*** Records shown Section Begins ***

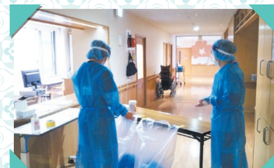
保健所ナースからの助言・指導を得てゾーニング対応

新型コロナウイルスワクチンの接種が少しずつ進み、当法人職員・入居利用者のワクチン接種も目途が立って参っております。しかし、この新型コロナウイルスとの闘いは、これからも続きます。この闘いが長期化する今、全ての国民が被災者という認識のもとで、ご利用者と職員、地域住民、関係機関の皆様と手を携え、歩んでいく必要があります。職員一同「感染しない」「感染させない」「拡げない」を基本に、これからも感染防止に取り組んで参りますので、皆様のご理解とご協力をお願い申し上げます。
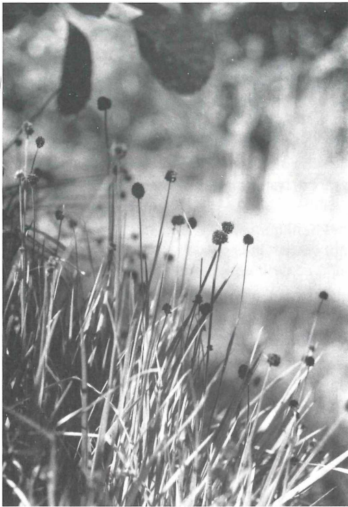
Abb. 2 Die Schwertblättrige Binse am Fundort bei Nürnberg. Orig., 4. 8. 1990

ursprüngliche Verbreitung bis nach Alaska und erreicht über die Aleuten die Kurilen und Japan. Isoliert davon ist das Vorkommen im Süden der James-Bucht in West-Kanada.
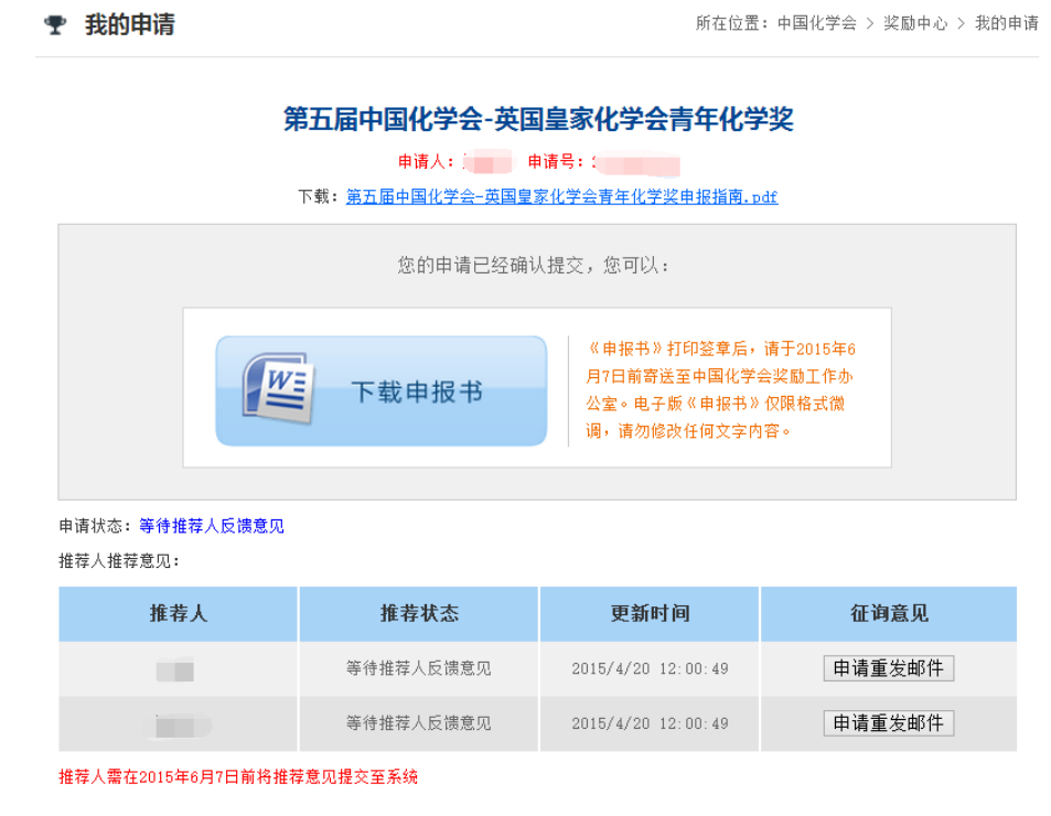
图 9 提交申请成功页面

当提交奖励申请成功后, 页面将自动跳转至“我的申请”, 点击“下载申报书”, 导出申请人的《申报书》DOC 文件 (图 9)。导出后的申报书只可修改格式, 内容需与电子版保持一致。
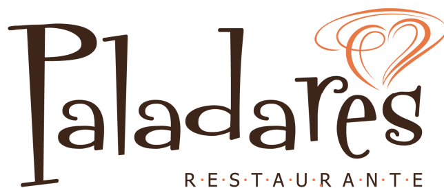
Figura 5: Marca Paladares

Porém, um restaurante necessita também transmitir segurança e limpeza. Desta forma, para finalizar a marca, foi escolhida uma tipografia séria, sem serifa e em caixa alta para ser utilizada como assinatura (Restaurante). Foram definidas, também, duas cores que transmitissem tanto os sentimentos quanto a segurança representados na marca. Laranja para os grafismos, representando o calor das emoções e sentimentos; e marrom para a tipografia, relacionado diretamente à segurança.
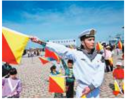
◆4月21日，青島港三號碼頭，小朋友在參加國際信號旗語體驗。

開放期間，戰艦將全部懸掛象徵海軍最高禮儀的滿旗，開放甲板、榮譽室等場所，組織旗語展示、輕武器分解結合、損害管制操演、戰傷救護等訓練科目。國防知識进校园、參觀見學、快閃打卡、遠洋食品品嚐等相關活動也將視情況展開。其中，唐山艦、廈門艦、日照艦、溫州艦四現役艦，是首次到命名城市靠泊開放。
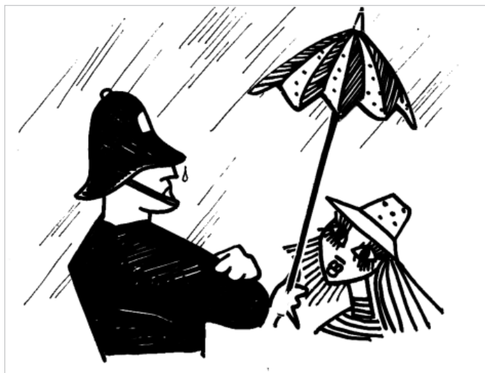
Рис. 2. Энн и Бобби

*** Records shown Section Ends ***

## The task
Going through the records above line by line, transcribe each one exactly and skip any pictures.

## Task answer
保健所ナースからの助言・指導を得てゾーニング対応

新型コロナウイルスワクチンの接種が少しずつ進み、当法人職員・入居利用者のワクチン接種も目途が立って参っております。しかし、この新型コロナウイルスとの闘いは、これからも続きます。この闘いが長期化する今、全ての国民が被災者という認識のもとで、ご利用者と職員、地域住民、関係機関の皆様と手を携え、歩んでいく必要があります。職員一同「感染しない」「感染させない」「拡げない」を基本に、これからも感染防止に取り組んで参りますので、皆様のご理解とご協力をお願い申し上げます。
Abb. 2 Die Schwertblättrige Binse am Fundort bei Nürnberg. Orig., 4. 8. 1990

ursprüngliche Verbreitung bis nach Alaska und erreicht über die Aleuten die Kurilen und Japan. Isoliert davon ist das Vorkommen im Süden der James-Bucht in West-Kanada.
图 9 提交申请成功页面

当提交奖励申请成功后, 页面将自动跳转至“我的申请”, 点击“下载申报书”, 导出申请人的《申报书》DOC 文件 (图 9)。导出后的申报书只可修改格式, 内容需与电子版保持一致。
Figura 5: Marca Paladares

Porém, um restaurante necessita também transmitir segurança e limpeza. Desta forma, para finalizar a marca, foi escolhida uma tipografia séria, sem serifa e em caixa alta para ser utilizada como assinatura (Restaurante). Foram definidas, também, duas cores que transmitissem tanto os sentimentos quanto a segurança representados na marca. Laranja para os grafismos, representando o calor das emoções e sentimentos; e marrom para a tipografia, relacionado diretamente à segurança.
◆4月21日，青島港三號碼頭，小朋友在參加國際信號旗語體驗。

開放期間，戰艦將全部懸掛象徵海軍最高禮儀的滿旗，開放甲板、榮譽室等場所，組織旗語展示、輕武器分解結合、損害管制操演、戰傷救護等訓練科目。國防知識进校园、參觀見學、快閃打卡、遠洋食品品嚐等相關活動也將視情況展開。其中，唐山艦、廈門艦、日照艦、溫州艦四現役艦，是首次到命名城市靠泊開放。
Рис. 2. Энн и Бобби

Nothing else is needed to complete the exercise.